Canadian cannabis manufacturer Ayurcann Holdings Corp. (CSE: AYUR) (OTCQB: AYURF) terminated its planned business combination with Arogo Capital Acquisition Corp. (NASDAQ: AOGO), a special purpose acquisition company, citing failures to meet key regulatory requirements.

The Ontario-based company sent Arogo a termination letter stating the SPAC failed to fulfill covenants related to stock exchange listing and public filings, according to a statement Thursday. Under the termination agreement, Arogo is required to pay Ayurcann a $250,000 fee, though Ayurcann noted it “disputes any payment demand from Arogo in connection with the termination.”

The deal’s collapse comes less than five months after the companies announced plans to combine in a transaction that valued the merged entity at approximately $210 million. The proposed merger also would have given Ayurcann access to up to $19.6 million in cash.

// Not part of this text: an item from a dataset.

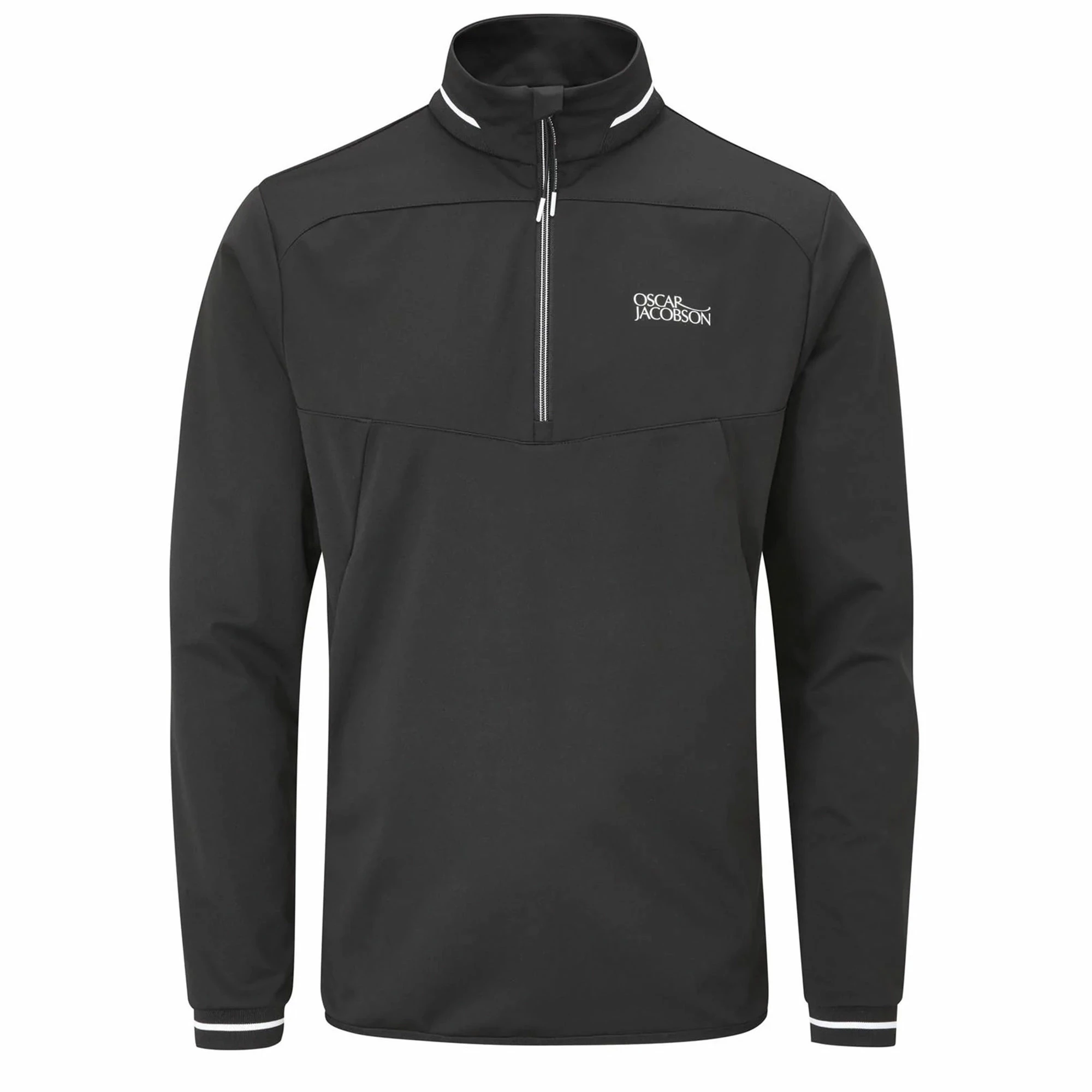 Oscar Jacobson Rolfe Tour 1/4 Zip Golf Jacket The Rolfe Tour 1/4 Zip Golf Jacket has been created by Oscar Jacobson to ensure that golfers can go out onto any golf course year round in a warm and comfortable thermal jacket that offers great protection in windy weather conditions. This mens golf thermal has been designed using a thermal fabric that works by retaining the body heat that is created while playing a full round of golf to keep you at a comfortable temperature during the winter months. However, to make sure there is little risk of overheating while you play, a ventilated back panel has been added to allow excess heat to escape.& Oscar Jacobson has also used wind resistant material fabrics when creating this lightweight golf jacket to make sure you are protected from cold winds out on the golf course. For further protection, a knitted outer collar has been included as well as ribbed cuffs. Features 100% Polyester Wind resistant & thermal fabric Zip guard Knitted outer collar Easy access body pockets Contrast detail zip pullers Ventilated back panel Ribbed cuffs &

Ayurcann has worked to expand its presence in Canada’s cannabis market, focusing on extraction services and branded products. The company reported revenue of C$25.2 million for fiscal 2024, up 101% from C$12.5 million the previous year, according to filings. However, it posted a net loss of nearly C$4 million for the latest fiscal year.

The termination follows a pattern of challenged cannabis SPAC deals amid broader market volatility and sector-specific headwinds. Ayurcann’s working capital deficit grew to C$2.1 million as of June 30, versus C$706,437 a year earlier, filings show.

Ayurcann’s announcement comes just a day after Arogo initiated its own claim that the transaction had been terminated, demanding the same $250,000 fee that Ayurcann now seeks to collect.